❄️ Snowstorm ❄️

As Spring yet approaches, I still can recall—

The passion of my youth, the spirit of my fall,

From innocence to impotence and gestures from the grave:

Wherein I left the visage of my angel who would pray….

That warmth could melt the frozen limbs & times which now have passed,

In absence now the words mean more than when I heard them last.

She spoke to me, I cherish now what then I barely caught.

Still wandering, inside my mind like someone who was lost.

And were I spring I’d rush to melt the frost upon the ground

And to exhume my own mistakes to speak to you but now—

I have to wait and turn to ice, the absence left me cold,

I still recalls the things I said and how I lost control.

I swear it off and seek for change with chains around my throat,

Those Summer days or was it Fall with circumstance of note…

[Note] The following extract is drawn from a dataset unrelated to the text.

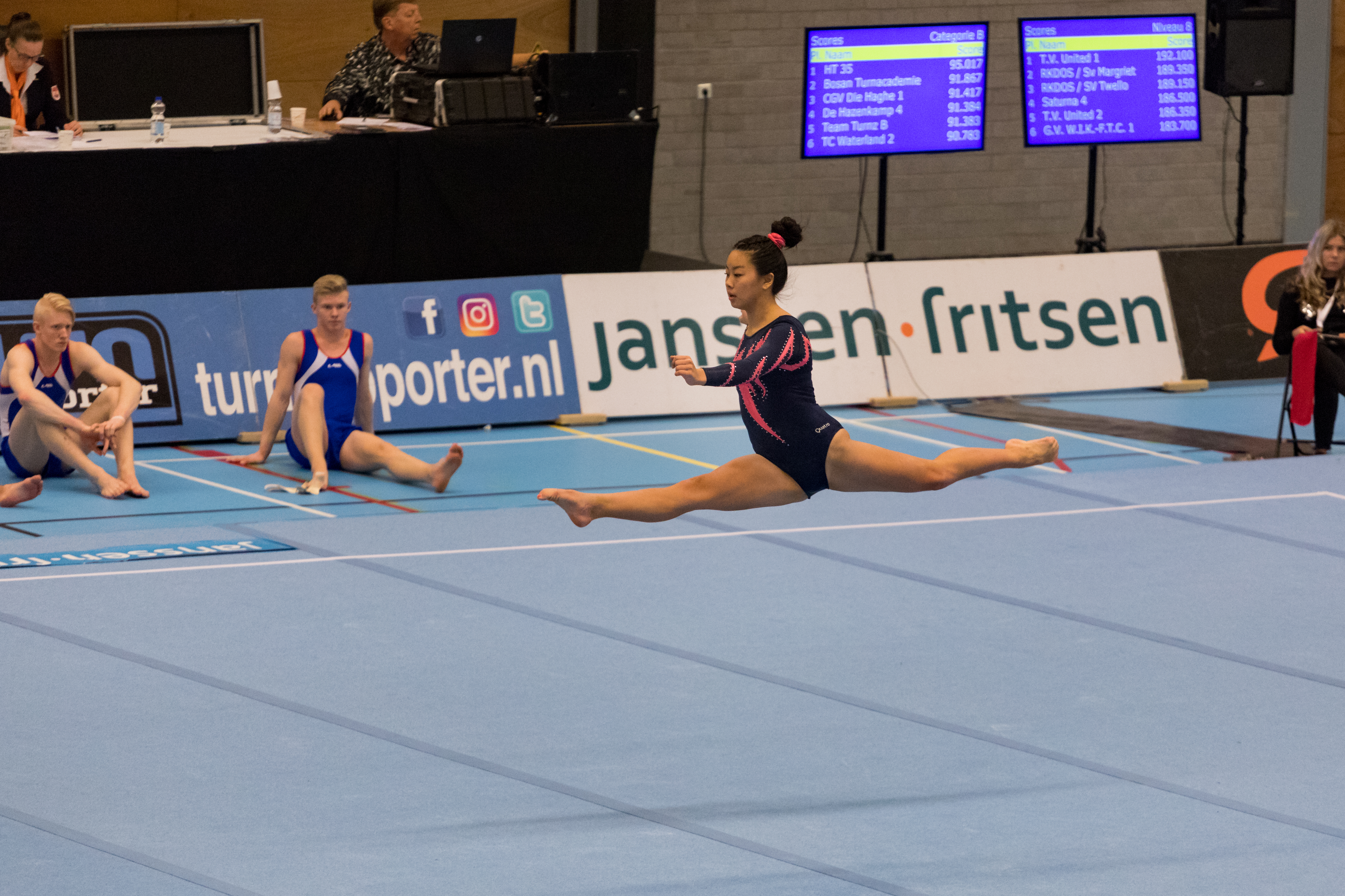 Als laatste knallen op vloer. Ook hier werd er prima geturnd maar de jury kende geen genade bij te lage sprongen. Er werd flink veel voor afgetrokken en dan weet je direct dat het een landelijk podium is. Chloé (10,433), Bailey (11,267) en Sanne (11,967). Deze laatste score was nog wel de 4e van alle deelnemers. Er werden maar weinig twaalven gegeven.

I know you’re there you wander still but I will not arrive,

I seek for you inside the Spring and remain in your mind—

If consciousness does yet persist, perhaps we’ll reunite—

Upon the threshold between here and Summer’s afterlife…

Thus terrified I wander still, I trace you through the Fall,

The auburn leaves and cool breeze which leads across the wall…

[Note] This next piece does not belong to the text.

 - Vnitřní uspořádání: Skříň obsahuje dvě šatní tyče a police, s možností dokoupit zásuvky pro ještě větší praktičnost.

This other side is snowy still and frost it coats the ground,

I replay yet the moments when you first would come around.

In those I slipped, the passion melts the ice around my youth—

And uncontrolled I spiral out still yearning, after you.

The absence lets me follow prints until I reach the bridge—

And there they end, I can’t pretend I understand your gift…

I’d like to meet up later on if you could yet return,

The Spring arrives, the sun will rise, and slowly I will burn.

I know I’ll still call out to you the specter in my hills—

The youth which taught me all I know where you’ve remained yet still.